Working through the data below, reproduce word for word the line with "5.เมื่อคนจนแป้งไม่มีเม็ด หรือถ้ามีก็ให้กรองจนได้เ นื้" and every line after it, both ends included, and omit the pictures.

───── SOURCE MATERIAL

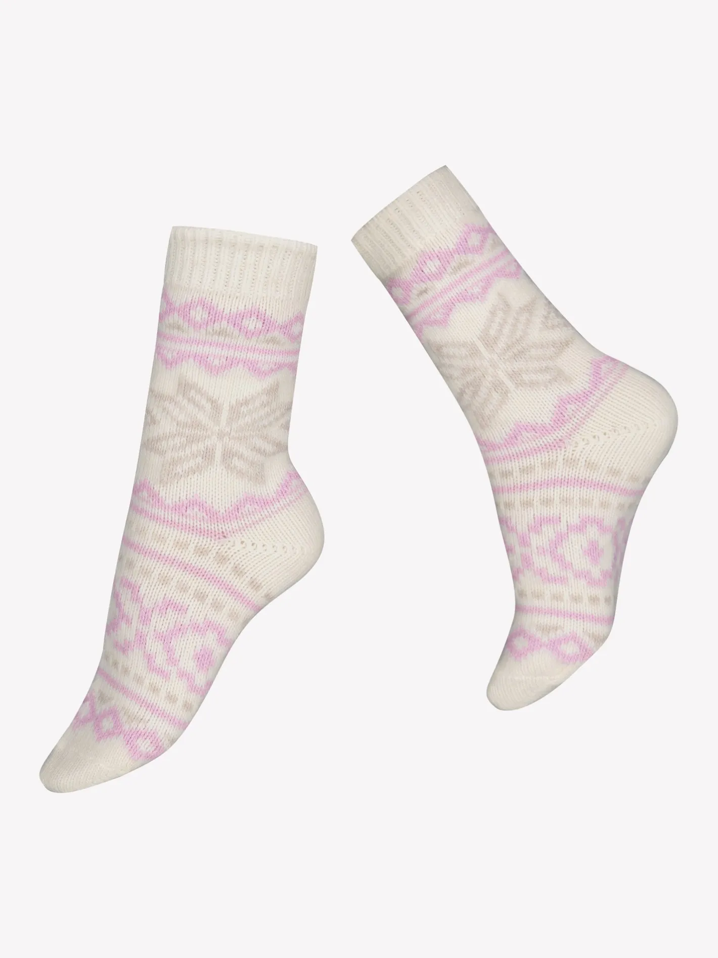 Pehmeät alpakkasekoitesukat sulostuttavalla kirjoneulekuviolla. Nämä sukat ovat täydelliset, kun haluat vain rentoutua ja oleskella kotona mukavasti.
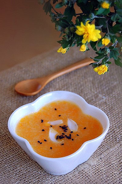 【用料】南瓜250克 糯米100克 新鲜百合1个 冰糖 芝麻适量
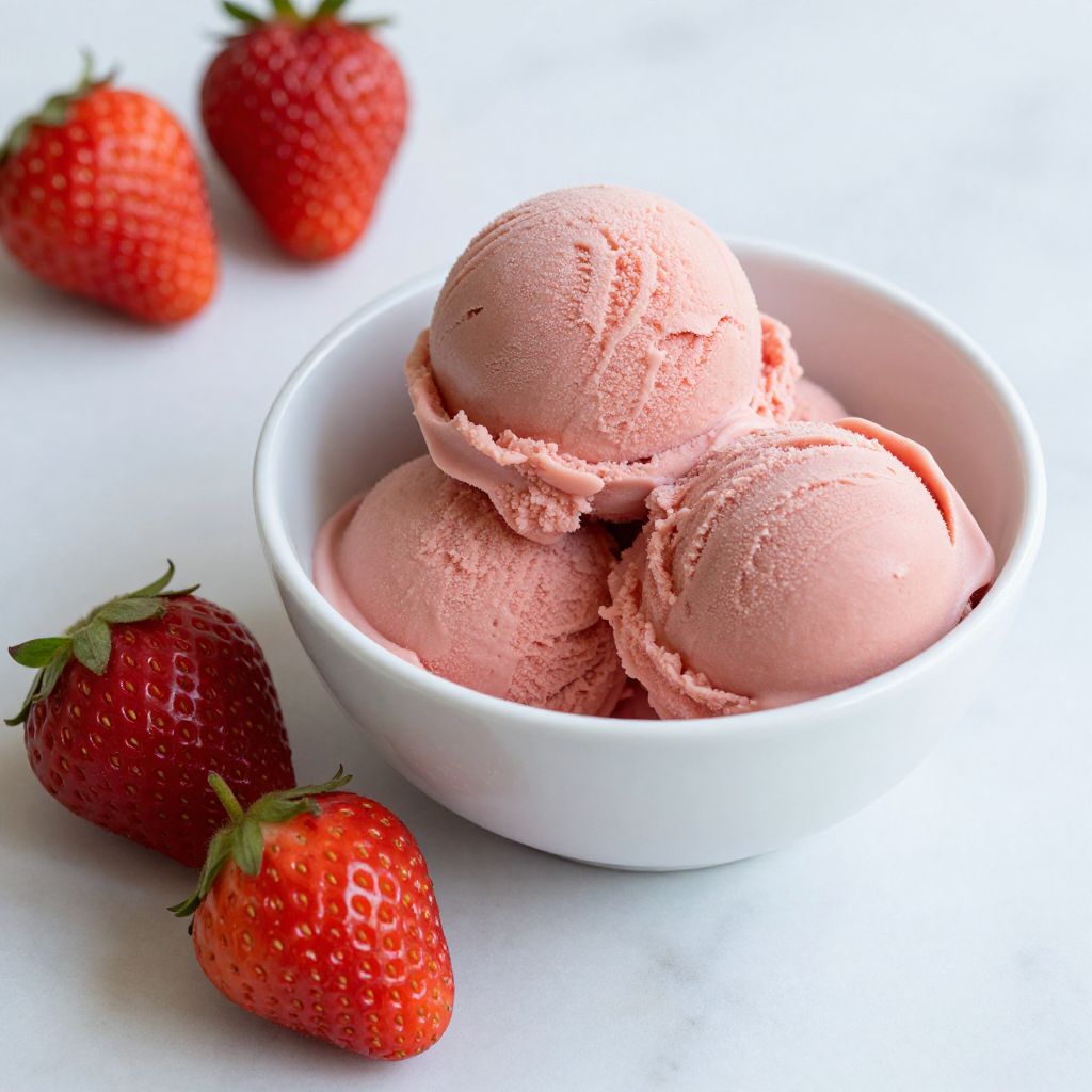 Photograph of two creamy vanilla ice cream scoops on a white plate, sprinkled with red strawberry powder. A fresh, halved strawberry with green leaves rests beside the ice cream. In the background, a white bowl filled with whole strawberries is slightly blurred. The plate and bowl are set on a clean, white surface, creating a bright and fresh composition. The ice cream has a smooth texture, contrasting with the juicy, textured strawberry.
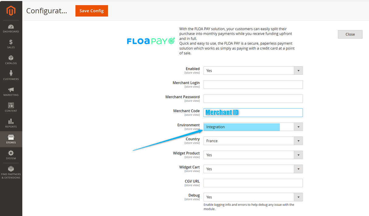 - Fill in the required fields : Merchant Login, Merchant Password, Merchant ID, Environment, Country
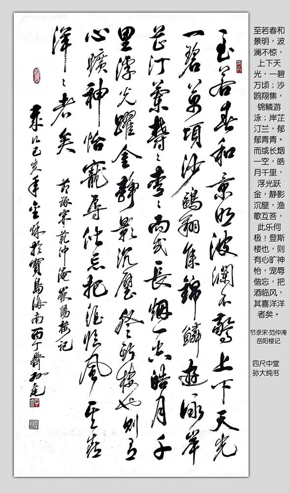 每一幅优秀的书法作品,都凝聚着书法家孙大纯先生对医务人员的关爱,也体现了孙大纯先生高超的艺术文化造诣,其艺术书法以行草见长,并善于书写较大字体,字体结构厚实工整,用笔流畅舒展,遒劲有力,特别注重行气与章法的呼应,气势连贯回绕,通篇恣意纵情,笔划之间尽显从容蕴藉,真可谓流水行云,潇洒出尘。
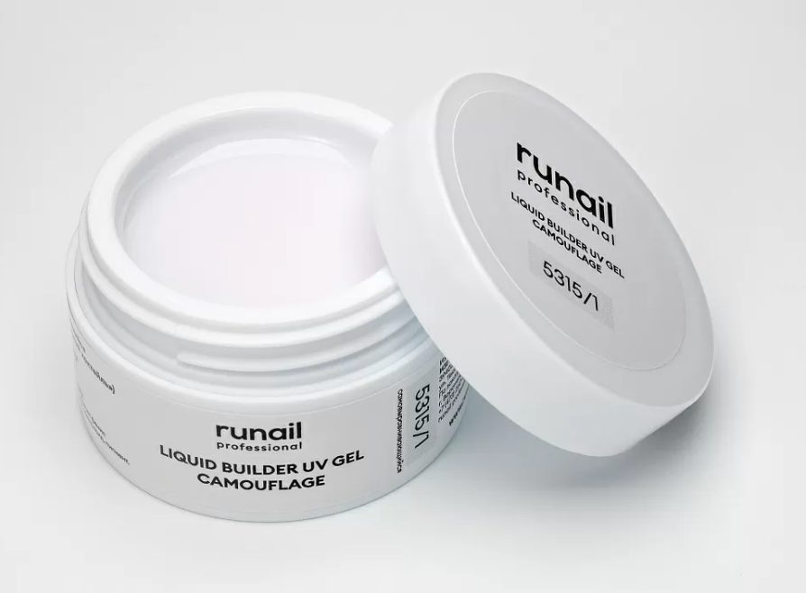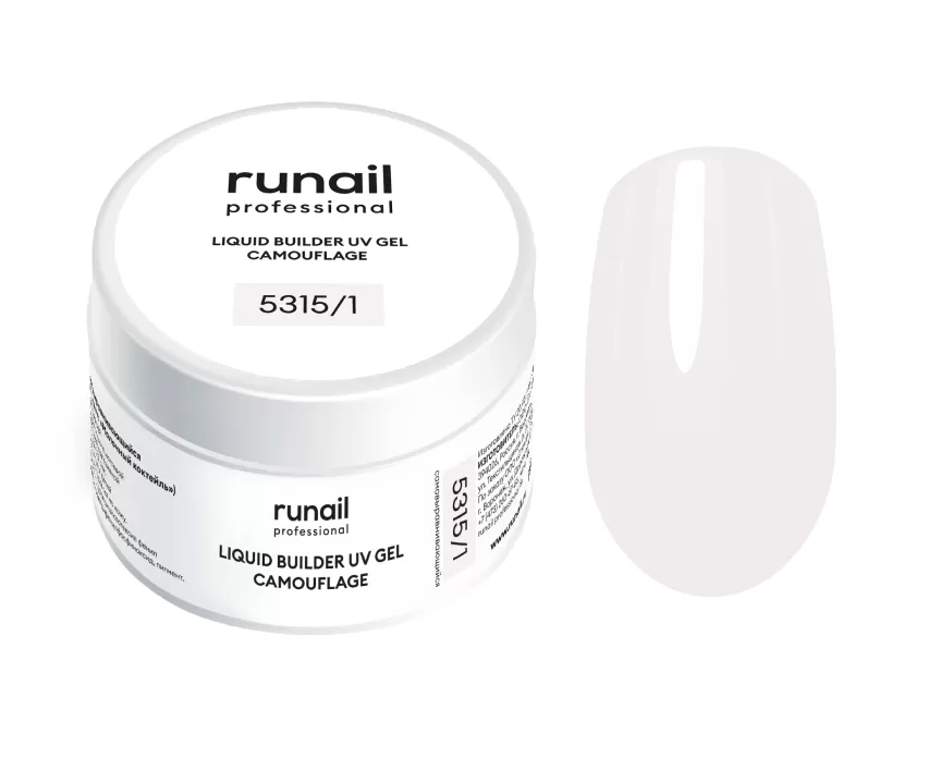 - 5315/1 RuNail Камуфлирующий Жидкий УФ-гель Молочный коктейль, 15 мл. банка
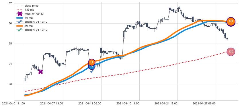 上涨趋势04-01 11:00-04-28 09:00,均线40, 45确认关键支撑1处
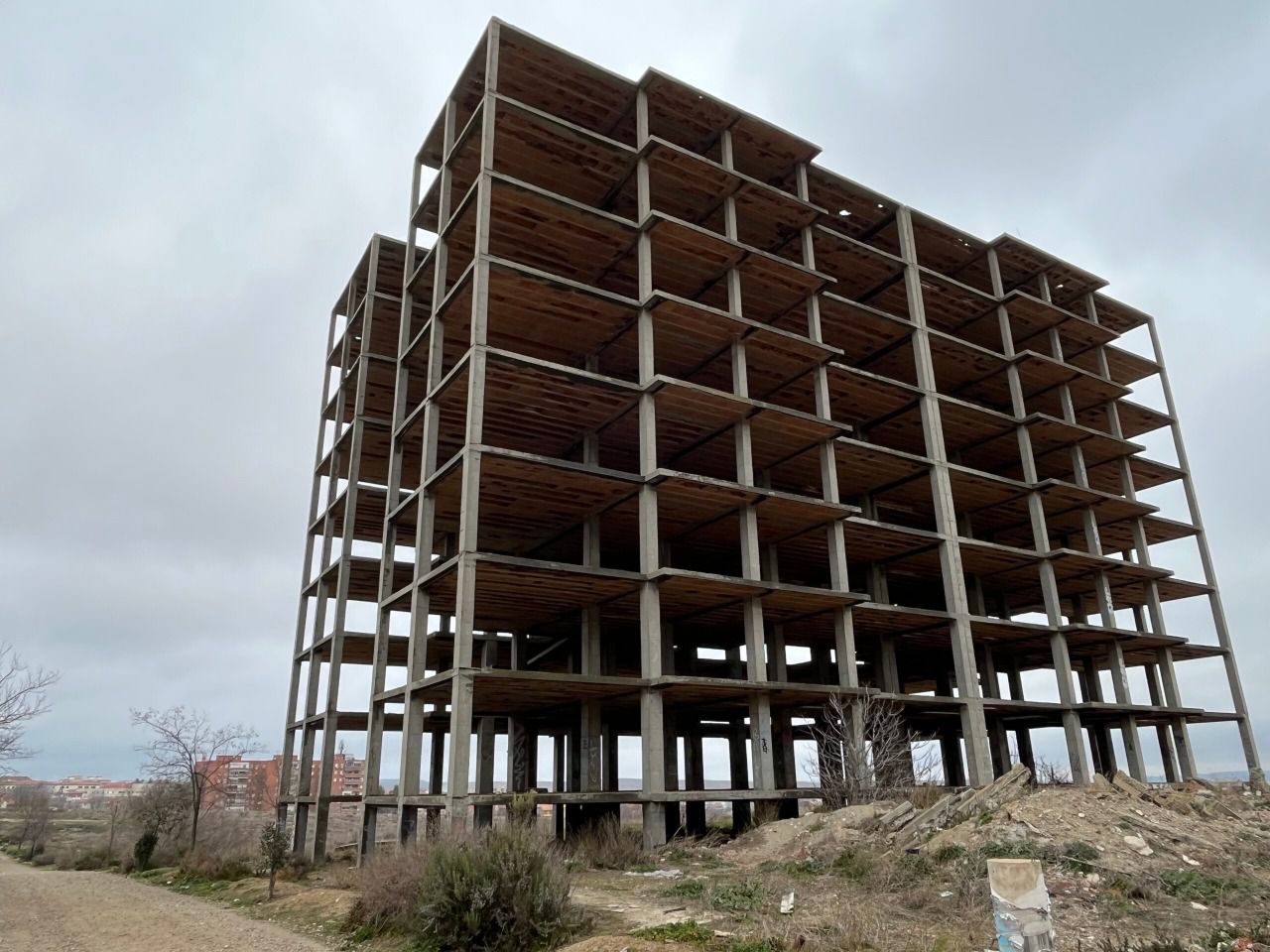 Levantado en 1974 en el camino de Valdinojos por una empresa privada sobre suelo también privado, el edificio iba a haber albergado viviendas, pero la crisis del ladrillo dejó la estructura sin rematar, con las vigas al aire y las plantas abiertas. Abandonado desde entonces, su facilidad de acceso y la falta de medidas de seguridad lo convirtieron en un lugar peligroso para quienes se arriesgaban a acceder para hacer vídeos o fotografías.
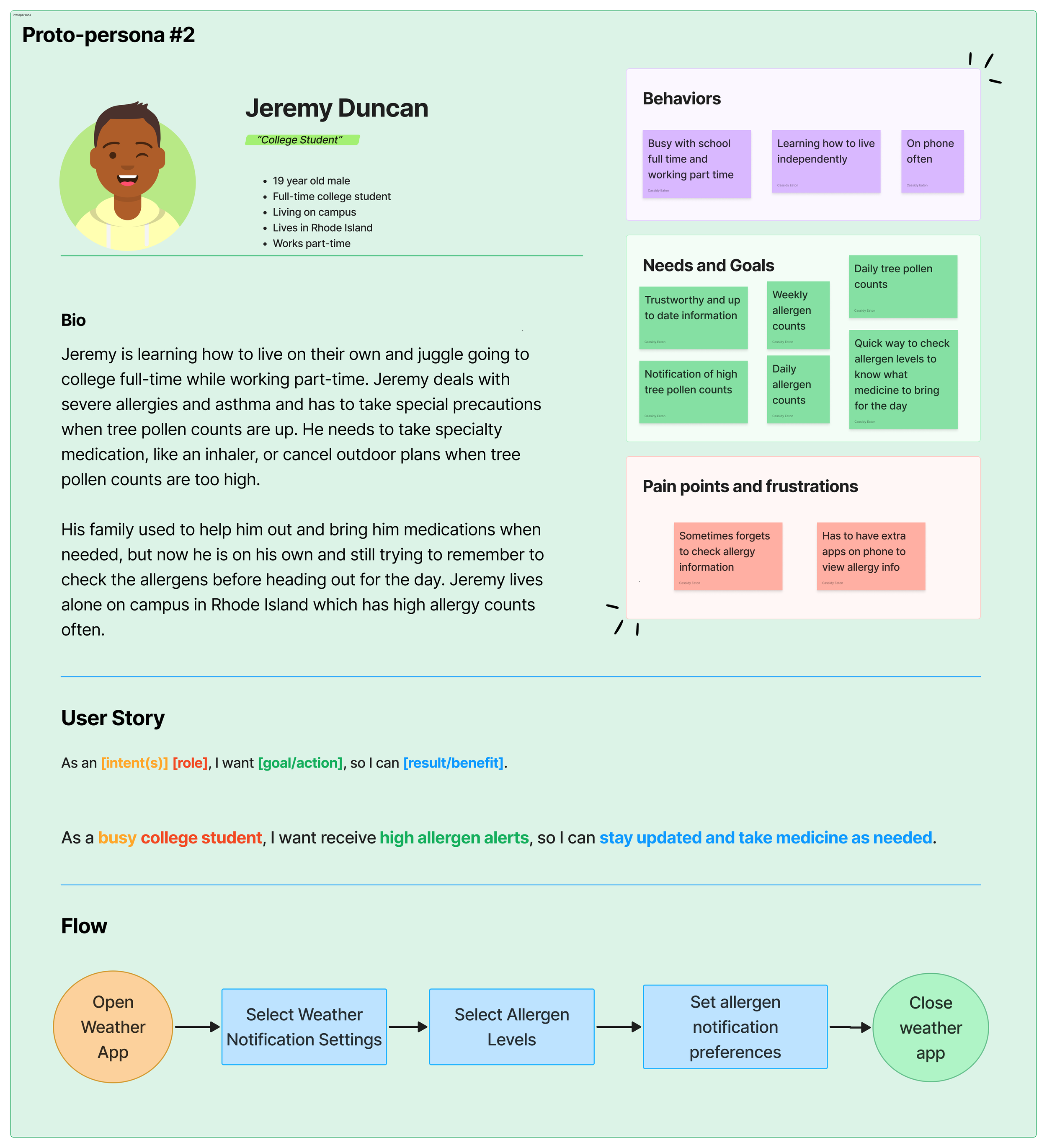 In this project, I wanted to elevate the experience of Apple’s weather app users dealing with allergies. Before diving into the app improvements, I focused on learning more about the weather app features and outdoor allergens. I then created two proto-personas, each with a unique story and user flow, to better understand the users I’m designing for and ensure user-centric decision-making. I outlined my goals for the features I wanted in the weather app. I knew I wanted to 1) Add allergy counts to the weather app home screen, 2) Display data for Pollen (Tree, Grass, Weed), Mold, and Dust & Dander, 3) Offer daily and weekly allergen views, 4) Show specific species data within each allergen type, 5) Let users set alerts for allergens when they reach a certain severity level, and 6) Add extra information about allergens
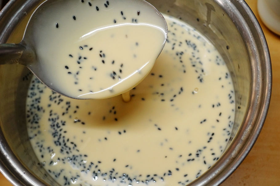 5.เมื่อคนจนแป้งไม่มีเม็ด หรือถ้ามีก็ให้กรองจนได้เ นื้ อเนียน ใส่ ง าดำลงไป1ช้อน ก็จะได้เ นื้ อแป้งพร้อมหยอด
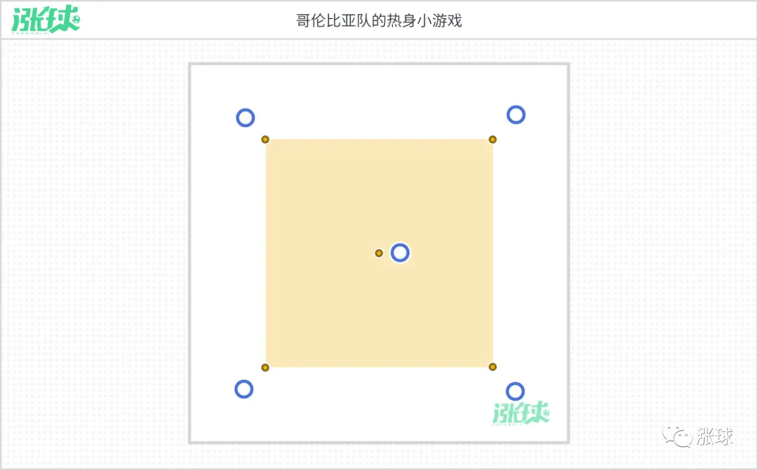 该热身训练有助于锻炼队员的爆发力、反应能力以及交流能力,既能达到激活身体又能调节训练气氛。
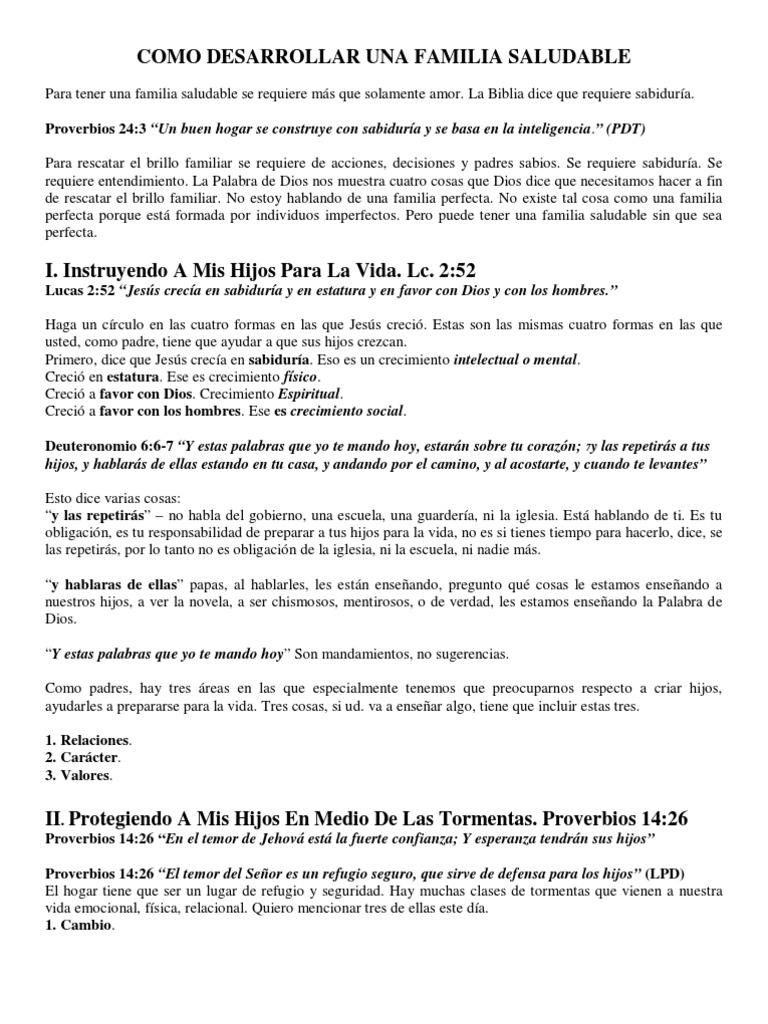 Como Desarrollar Una Familia Saludable Bosquejo | Sabiduría | Dios
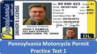 The Pennsylvania DMV motorcycle test consists of 20 questions and. You must pay a fee of 10 to obtain a permit. Questions on the test come from the Pennsylvania Motorcycle Operator Manual.
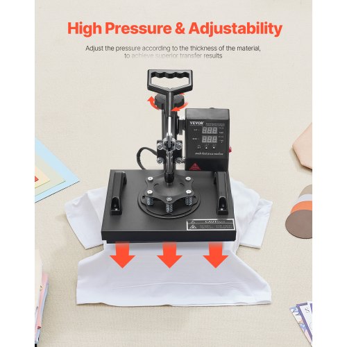 VEVOR Heat Press Machine 8 in 1 Combo, Heat Press 15x15 in, Swing Away T Shirt Printing Machine Digital Control, Multifunction Transfer Machine Sublimation, for T-Shirt Hat Cap Mug Plate, Black

──────────

**ANSWER BOX:**
 5.เมื่อคนจนแป้งไม่มีเม็ด หรือถ้ามีก็ให้กรองจนได้เ นื้ อเนียน ใส่ ง าดำลงไป1ช้อน ก็จะได้เ นื้ อแป้งพร้อมหยอด
 该热身训练有助于锻炼队员的爆发力、反应能力以及交流能力,既能达到激活身体又能调节训练气氛。
 Como Desarrollar Una Familia Saludable Bosquejo | Sabiduría | Dios
 The Pennsylvania DMV motorcycle test consists of 20 questions and. You must pay a fee of 10 to obtain a permit. Questions on the test come from the Pennsylvania Motorcycle Operator Manual.
 VEVOR Heat Press Machine 8 in 1 Combo, Heat Press 15x15 in, Swing Away T Shirt Printing Machine Digital Control, Multifunction Transfer Machine Sublimation, for T-Shirt Hat Cap Mug Plate, Black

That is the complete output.